Improving performance with NLTK techniques

These results are good, but they only look at the beginning and the end of the file, making identification difficult if a long comment pushes code out of the search window. After some discussion in the office, we decided to attempt to treat the files in the training set as a set of languages, and then learn to discriminate between those different languages in code. To obtain ‘words’ from the files we search for Unicode strings within the files and extract these as ‘features’. These features are then converted into vectors through the word2vec embedding model. In short, we assume that the file is a list of strings and treat these strings like words which exist relationally to other words in the file, and represent these relations with vectors. These vectors can then be extracted from unseen files, and used to train a support vector machine classifier. 

With these features, SLIMML achieved 99.2% accuracy on the test set. Most interestingly, it could completely differentiate between MATLAB, R, and C programming language files.

Going Forward

The aim of SLIM is to include as much metadata and classification information as possible when archiving files. The system is flexible and allows for additions and new classification rules, or to add new files to the Machine Learning classifier. While the word2vec embedding feature model is a hacky way of looking at files, essentially assuming that enough information exists in plain text to identify them, it does give strong results, especially when combined with the header and footer bigram features. 
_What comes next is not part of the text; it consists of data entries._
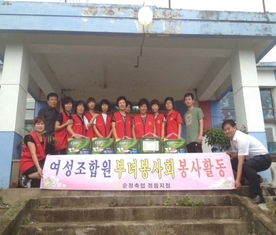 한편 순정축협 부녀봉사회는 2007년부터 사회복지시설 봉사활동 및 김장김치 나누기 행사, 나눔축산운동(쇠고기 나눔운동) 등 매년 다양한 형태로 소외된 계층에 이웃사랑을 실천하고 있다.
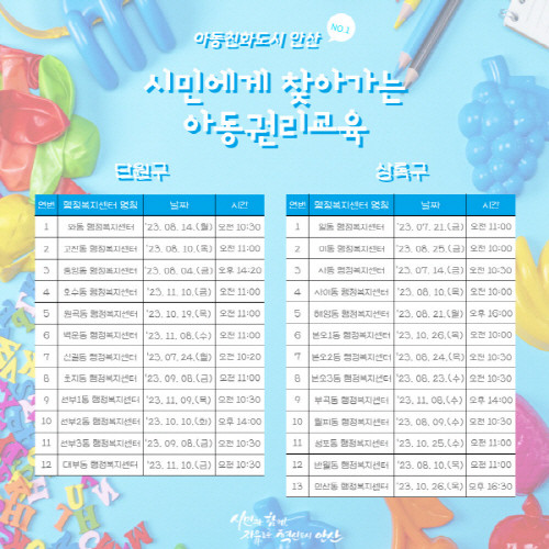 이에 시는 25개 동 행정복지센터에 전문 강사가 직접 찾아가 시민 500여 명을 대상으로 아동의 4대 기본권리(생존권, 보호권, 참여권, 발달권)와 아동학대 예방을 위한 올바른 양육 방법에 대한 교육을 진행할 예정이다.
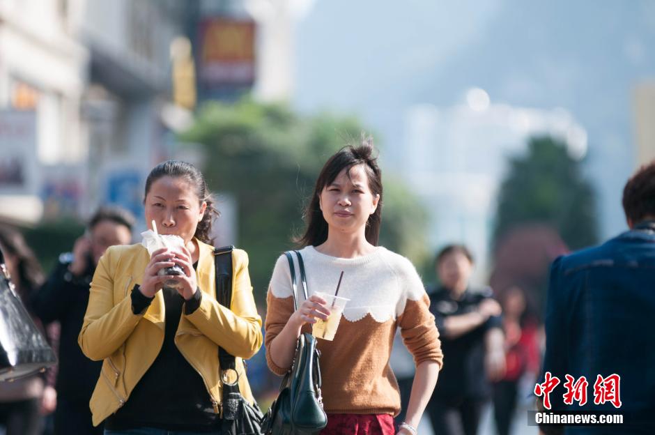 2月27日,广西柳州市街头,气温飙升使很多市民身着夏装短裙,冷饮成了畅销品。当日,广西大部分地区艳阳高照,气温飙升至28℃以上,在南宁、百色、崇左等地,最高气温超过30℃。据南宁城区凤岭气象观测站记录显示,2015年春节黄金周期间,南宁平均气温达21.3℃,较历年同期偏高6.3℃,偏高程度为南宁有气象记录以来的最大值,成为南宁61年气象史上最热的春节。 黄威铭 摄

In a way, a machine learning approach to file identification is opposed to PRONOM’s aim of having rigorous, invariant file definitions by encouraging a ‘just let the computer figure it out’ attitude. On the other hand, it is not the primary role of library staff to spend time writing rules for file identification, and the SLIM system provides a high volume of information and a judgement on the file type with better accuracy than existing tools.

To return to the opening analogy of Linear A, by recording the true the file type we are not actually providing a key to decode the file for future generations - merely recording that we interpret them in a certain way today. This will definitely not hurt future users in attempting to read old files, but a more thorough documentation - of the composition of the file structure itself - would be preferable. Unfortunately, many file specifications are proprietary and so this information cannot be easily acquired.

Machine learning is often a buzzword with the nebulous promise of ‘improved performance’. Often such performance increases are dependent on the quality of the input data than the cleverness of the model. Improvements to the feature extraction model could help increase accuracy in the future – for instance by looking for maximal length repeated byte sequences and including these alongside the Unicode features. More testing against very similar file types, such as c and c++ or even Python 2 and Python 3 could push the capabilities of the tool.